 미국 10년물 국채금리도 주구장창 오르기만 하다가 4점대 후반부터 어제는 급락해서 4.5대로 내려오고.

::::

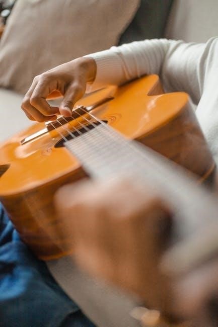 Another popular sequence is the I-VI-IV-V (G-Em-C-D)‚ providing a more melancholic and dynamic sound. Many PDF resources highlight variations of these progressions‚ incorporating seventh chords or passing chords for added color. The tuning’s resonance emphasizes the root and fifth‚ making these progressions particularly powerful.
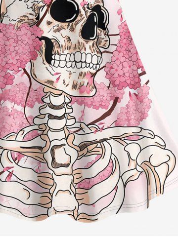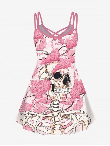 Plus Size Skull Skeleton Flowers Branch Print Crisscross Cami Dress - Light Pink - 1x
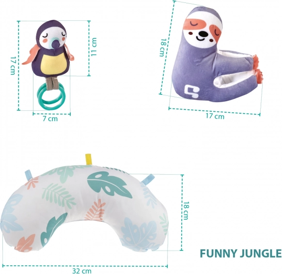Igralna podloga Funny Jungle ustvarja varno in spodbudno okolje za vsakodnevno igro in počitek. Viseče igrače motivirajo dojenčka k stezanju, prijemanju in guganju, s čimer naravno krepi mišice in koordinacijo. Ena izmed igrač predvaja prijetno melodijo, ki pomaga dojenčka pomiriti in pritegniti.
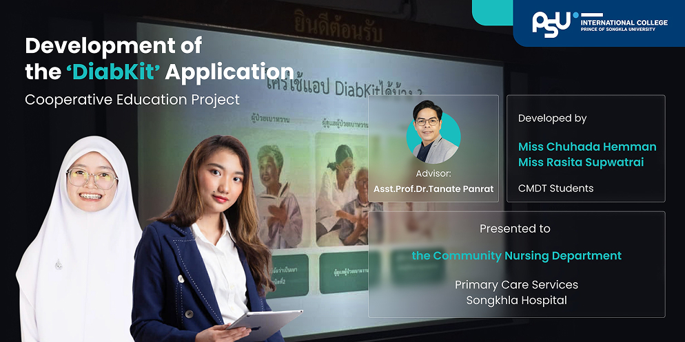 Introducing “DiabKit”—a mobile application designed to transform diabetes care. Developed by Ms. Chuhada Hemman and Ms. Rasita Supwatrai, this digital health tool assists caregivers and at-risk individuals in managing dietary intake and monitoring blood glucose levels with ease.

::::

> [Exercise instructions]:
When you reach the line holding "Another popular sequence" in the listing above, begin retyping exactly, and stop once the line holding "Igralna podloga Funny" is done; pictures stay out.

> [Output for this task]:
 Another popular sequence is the I-VI-IV-V (G-Em-C-D)‚ providing a more melancholic and dynamic sound. Many PDF resources highlight variations of these progressions‚ incorporating seventh chords or passing chords for added color. The tuning’s resonance emphasizes the root and fifth‚ making these progressions particularly powerful.
 Plus Size Skull Skeleton Flowers Branch Print Crisscross Cami Dress - Light Pink - 1x
Igralna podloga Funny Jungle ustvarja varno in spodbudno okolje za vsakodnevno igro in počitek. Viseče igrače motivirajo dojenčka k stezanju, prijemanju in guganju, s čimer naravno krepi mišice in koordinacijo. Ena izmed igrač predvaja prijetno melodijo, ki pomaga dojenčka pomiriti in pritegniti.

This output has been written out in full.